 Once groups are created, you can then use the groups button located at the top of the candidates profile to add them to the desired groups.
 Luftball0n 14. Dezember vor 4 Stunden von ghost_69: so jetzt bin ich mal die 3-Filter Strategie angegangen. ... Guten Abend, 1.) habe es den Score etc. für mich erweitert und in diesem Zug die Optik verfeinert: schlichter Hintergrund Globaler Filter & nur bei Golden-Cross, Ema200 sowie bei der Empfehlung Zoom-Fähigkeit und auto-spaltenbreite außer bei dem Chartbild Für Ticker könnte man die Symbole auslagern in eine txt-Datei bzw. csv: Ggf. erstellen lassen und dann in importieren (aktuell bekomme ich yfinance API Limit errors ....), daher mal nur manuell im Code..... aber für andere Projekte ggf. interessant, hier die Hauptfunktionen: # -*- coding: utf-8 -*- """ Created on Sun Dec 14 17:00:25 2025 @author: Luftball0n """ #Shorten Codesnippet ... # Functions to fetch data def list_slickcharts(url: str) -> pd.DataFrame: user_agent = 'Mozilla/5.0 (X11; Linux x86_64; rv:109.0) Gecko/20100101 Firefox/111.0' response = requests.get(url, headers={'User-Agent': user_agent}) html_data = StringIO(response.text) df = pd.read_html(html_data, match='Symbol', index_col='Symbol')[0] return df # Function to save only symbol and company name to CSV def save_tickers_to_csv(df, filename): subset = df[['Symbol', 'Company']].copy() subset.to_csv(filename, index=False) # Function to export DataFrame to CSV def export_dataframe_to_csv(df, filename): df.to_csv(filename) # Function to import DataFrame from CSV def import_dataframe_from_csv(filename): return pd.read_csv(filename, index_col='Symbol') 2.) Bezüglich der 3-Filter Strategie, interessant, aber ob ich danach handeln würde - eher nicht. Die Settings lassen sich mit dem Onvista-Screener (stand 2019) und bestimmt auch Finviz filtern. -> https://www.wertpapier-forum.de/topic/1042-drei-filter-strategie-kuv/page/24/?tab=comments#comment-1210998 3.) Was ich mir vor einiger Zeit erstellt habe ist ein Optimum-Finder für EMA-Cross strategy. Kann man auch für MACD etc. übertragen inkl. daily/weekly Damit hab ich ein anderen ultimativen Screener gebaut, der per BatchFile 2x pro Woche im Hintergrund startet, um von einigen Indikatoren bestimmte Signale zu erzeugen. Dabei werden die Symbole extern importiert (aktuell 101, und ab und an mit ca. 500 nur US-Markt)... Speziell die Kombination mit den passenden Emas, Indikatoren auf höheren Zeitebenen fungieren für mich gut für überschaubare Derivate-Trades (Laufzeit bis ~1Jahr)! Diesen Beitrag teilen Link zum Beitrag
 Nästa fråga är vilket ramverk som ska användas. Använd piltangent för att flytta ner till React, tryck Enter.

--

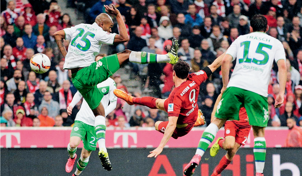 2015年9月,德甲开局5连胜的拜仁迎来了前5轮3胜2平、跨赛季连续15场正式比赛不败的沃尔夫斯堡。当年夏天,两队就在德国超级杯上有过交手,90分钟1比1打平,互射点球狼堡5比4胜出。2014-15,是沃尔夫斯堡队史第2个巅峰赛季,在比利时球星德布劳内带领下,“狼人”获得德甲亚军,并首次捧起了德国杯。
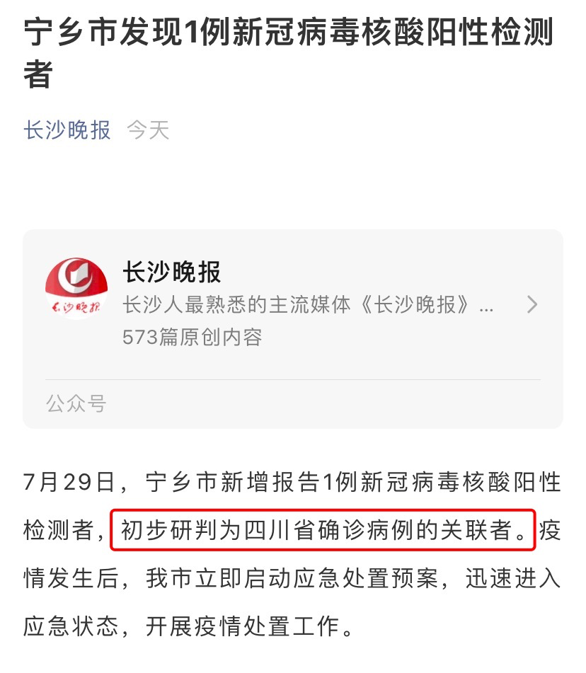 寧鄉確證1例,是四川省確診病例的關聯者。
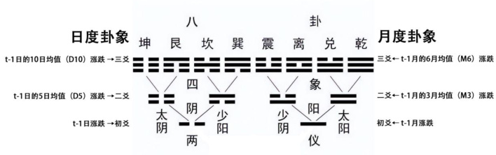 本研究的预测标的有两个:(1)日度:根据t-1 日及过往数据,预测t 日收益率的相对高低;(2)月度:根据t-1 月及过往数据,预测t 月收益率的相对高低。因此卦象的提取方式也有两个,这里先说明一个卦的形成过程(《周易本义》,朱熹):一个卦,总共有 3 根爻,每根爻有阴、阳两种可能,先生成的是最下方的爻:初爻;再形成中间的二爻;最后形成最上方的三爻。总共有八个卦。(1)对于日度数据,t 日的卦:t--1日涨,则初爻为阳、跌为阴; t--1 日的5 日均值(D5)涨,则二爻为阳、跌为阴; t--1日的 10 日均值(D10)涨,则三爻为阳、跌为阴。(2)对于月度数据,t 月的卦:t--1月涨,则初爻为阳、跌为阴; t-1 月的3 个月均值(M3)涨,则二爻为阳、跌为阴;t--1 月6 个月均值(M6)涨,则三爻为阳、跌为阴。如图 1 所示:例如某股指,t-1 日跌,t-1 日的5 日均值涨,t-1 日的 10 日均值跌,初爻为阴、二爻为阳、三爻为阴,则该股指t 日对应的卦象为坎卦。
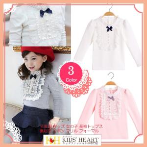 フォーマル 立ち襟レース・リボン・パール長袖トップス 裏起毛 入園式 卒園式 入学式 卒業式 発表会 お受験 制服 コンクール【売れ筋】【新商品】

◆ WHAT THE EXERCISE ASKS
In the records above, find the line with "2015年9月,德甲开局5连" and the line with "寧鄉確證1例,是四川省確診病例的關聯者。". Write out exactly those lines and every one between, with no pictures and no other lines.

◆ RESULT OF THIS TASK
 2015年9月,德甲开局5连胜的拜仁迎来了前5轮3胜2平、跨赛季连续15场正式比赛不败的沃尔夫斯堡。当年夏天,两队就在德国超级杯上有过交手,90分钟1比1打平,互射点球狼堡5比4胜出。2014-15,是沃尔夫斯堡队史第2个巅峰赛季,在比利时球星德布劳内带领下,“狼人”获得德甲亚军,并首次捧起了德国杯。
 寧鄉確證1例,是四川省確診病例的關聯者。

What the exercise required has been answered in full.